Day 2 of Advent of Code brings back the perma-classic rock-paper-scissors. The gist of the day is to fill in a round’s data from partial information. We are always given the opponent move. In part 1 we determine outcome from our move. In part 2 we do the opposite: we determine our move from the outcome.

This post is literate Haskell post. Let’s clear the floor with a few imports.

import Control.Category ((>>>))
import Control.Applicative (liftA2)

The model here is a classic rock-paper-scissors game. At each round, a player plays a move.

data Move = Rock | Paper | Scissors deriving Enum

A round has three possible outcomes, relative to a specific player.

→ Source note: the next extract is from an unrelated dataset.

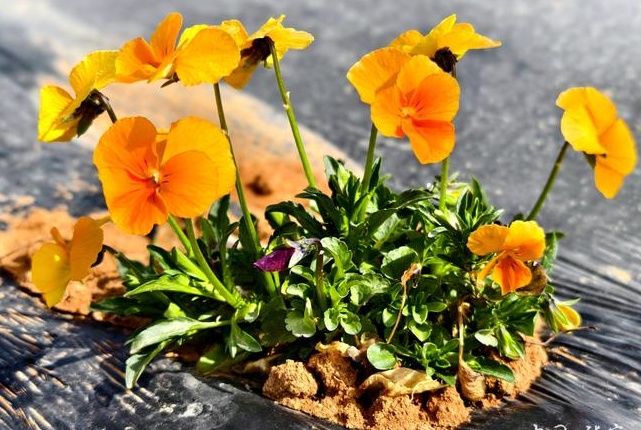 在不同地貌上种植三色堇也有不同。比如在山区梯田种植三色堇,土壤的保水性较好,三色堇可以长得比较茂盛。而在河边的沙质土壤种植,就需要特别注意水分和肥料的补充。有个在广西河边的花农,在沙质土壤种三色堇,经常要给花补充肥料和水分,不然花的长势就不好。

data Outcome = Defeat | Draw | Victory deriving Enum

So the data for a round can be summarized as:

data Round = Round
  { opponentMove :: Move
  , selfMove     :: Move
  , outcome      :: Outcome
  }

Now, that data is redundant. That’s the whole point of today’s challenge!

In part 1, we’re given both players’ moves. So the round result has to be computed using the standard rule table.

readRoundPart1 :: String -> Round
readRoundPart1 [a,_,b] = Round{..} where
  opponentMove = readLeft a
  selfMove = case b of
    'X' -> Rock
    'Y' -> Paper
    'Z' -> Scissors
  outcome = toEnum ((fromEnum selfMove - fromEnum opponentMove + 1) `mod` 3)

I’m using a bit of modular arithmetic to compute the outcome, because, on such small set cardinalities, it’s a reasonable implementation of permutation group theory.

Just think of it this way: the result is derived from a comparison (-) of both players’ moves. Equality (zero difference) should result in a draw, so we increase (+ 1) to reach Draw’s index in the Outcome enum. We then verify that either victory or defeat works properly. For example, I play paper (1), the opponent plays rock (0), so the difference is 1, 2 after the draw adjustment. This nicely falls on the “Victory” outcome, so we do nothing more.¹

We’re going to need the actual parsing for the left column. It’s a separate function because we’re going to be reusing it for part 2.

readLeft :: Char -> Move
readLeft 'A' = Rock
readLeft 'B' = Paper
readLeft 'C' = Scissors

Now we know all about our rounds, we can compute the individual rounds’ scores.

roundScore :: Round -> Int
roundScore = liftA2 (+) shapeScore outcomeScore where
  shapeScore Round {selfMove} = case selfMove of
    Rock     -> 1
    Paper    -> 2
    Scissors -> 3
  outcomeScore Round {outcome} = case outcome of
    Defeat  -> 0
    Draw    -> 3
    Victory -> 6

And we can implement the puzzle as a much more simple pipeline as yesterday’s.

main :: IO ()
main = interact $
  lines >>>
  flip map >>>
  flip map [readRoundPart1,readRoundPart2] >>>
  map (
    map roundScore >>>
    sum
  ) >>>
  show

Part 2 has us compute move from outcome.

This is made trivial by the modular arithmetic we used above: all we have to do is solve an equation.

outcome ≡ self_move − opponent_move + 1 (mod  3)

self_move ≡ outcome + opponent_move − 1 (mod  3)

readRoundPart2 :: String -> Round
readRoundPart2 [a,_,b] = Round{..} where
  opponentMove = readLeft a
  outcome = case b of
    'X' -> Defeat
    'Y' -> Draw
    'Z' -> Victory
  selfMove = toEnum ((fromEnum outcome + fromEnum opponentMove - 1) `mod` 3)

And that’s all there was to it!

This concludes today’s problem. See you tomorrow!